The THOR baseline payload includes a suite of instruments to measure electromagnetic fields up to 500k samples/s and to measure electrons and ions (at least H+, He++) at high resolution to resolve the kinetic scale physics of plasma heating and particle acceleration. THOR will use active spacecraft potential control to improve particle and field measurements.

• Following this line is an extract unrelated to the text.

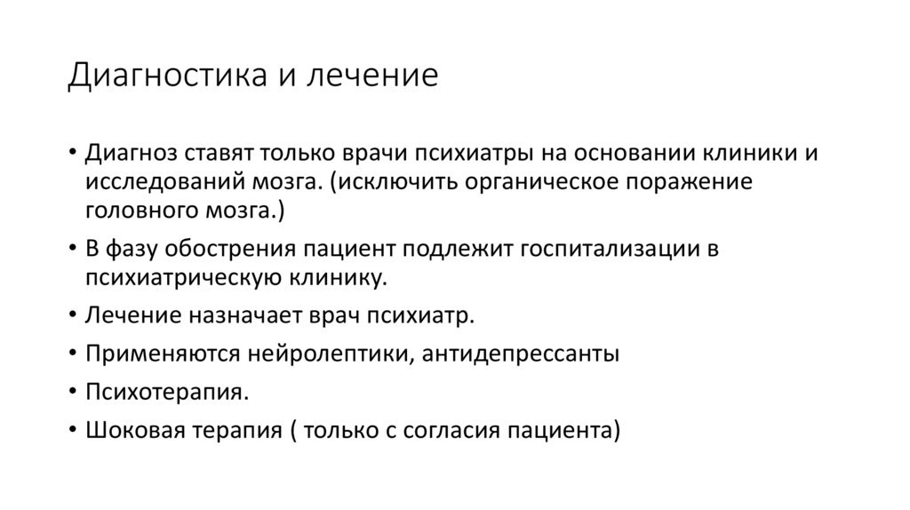Диагностика и лечение• Диагноз ставят только врачи психиатры на основании клиники и
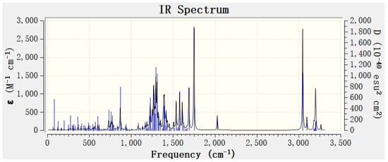 As is shown in Figure 8, the GO only containing hydroxyl and carboxyl groups was constructed using Gaussian16 software, and the infrared spectra in its stable configuration were calculated. By examining the vibration modes of oxygen-containing functional groups on GO, it can be observed that the absorption peaks at 1295.59 cm−1 and 1689.70 cm−1 correspond to the deformation vibration of -OH. The absorption peak at 1750.79 cm−1 corresponds to both the deformation vibration of -OH and the stretching vibration of -C=O in the carboxyl groups. Additionally, at 3048.38 cm−1, an absorption peak arises from superimposed stretching and deformation vibrations of -OH.

Field Instruments Particle Instruments
MAG fluxgate magnetometer CSW cold solar wind instrument
EFI electric field instrument TEA turbulence electron analyser
SCM search coil magnetometer PPU particle processing unit
FWP fields and waves processor
FAR faraday cup

IMS ion mass spectrometer

EPE energetic particle experiments

Fluxgate Magnetometer (MAG)

PI: R. Nakamura (IWF/OEAW, Graz, Austria)

Co-PI: J. Eastwood (IC, London, UK)

The fluxgate magnetometer (MAG) will measure the background magnetic field and low frequency magnetic field fluctuations. MAG has two sensors that are placed along a solid boom, one at the end of the boom and the second at an intermediate distance along the boom, in order to enable a reliable detection of any residual spacecraft magnetic field. The related front-end electronics including digitization of the magnetic field vectors is on two separate printed circuit boards in the common electronics box of the fields and wave processor (FWP).

Each of the two fluxgate sensors uses only two ring-cores to measure the magnetic field along the required three directions which enables proper sensor miniaturization. The magnetic field is sensed in the X and Y direction via separate ring-cores, while the Z direction is picked-up over both ring-cores. The design of the outboard and inboard sensors is mainly based on Themis and Solar Orbiter heritage, respectively. Both THOR sensors will have the same mounting interface to simplify the boom design. MAG will return magnetic field vectors at up to 128 samples per second, with a noise floor less than 0.01 nT/ √Hz at 1 Hz. MAG provides high quality data with sufficient overlap (1-30 Hz) with the Search Coil Magnetometer (SCM) sensor to allow for an accurate synchronisation and alignment of the two data sets.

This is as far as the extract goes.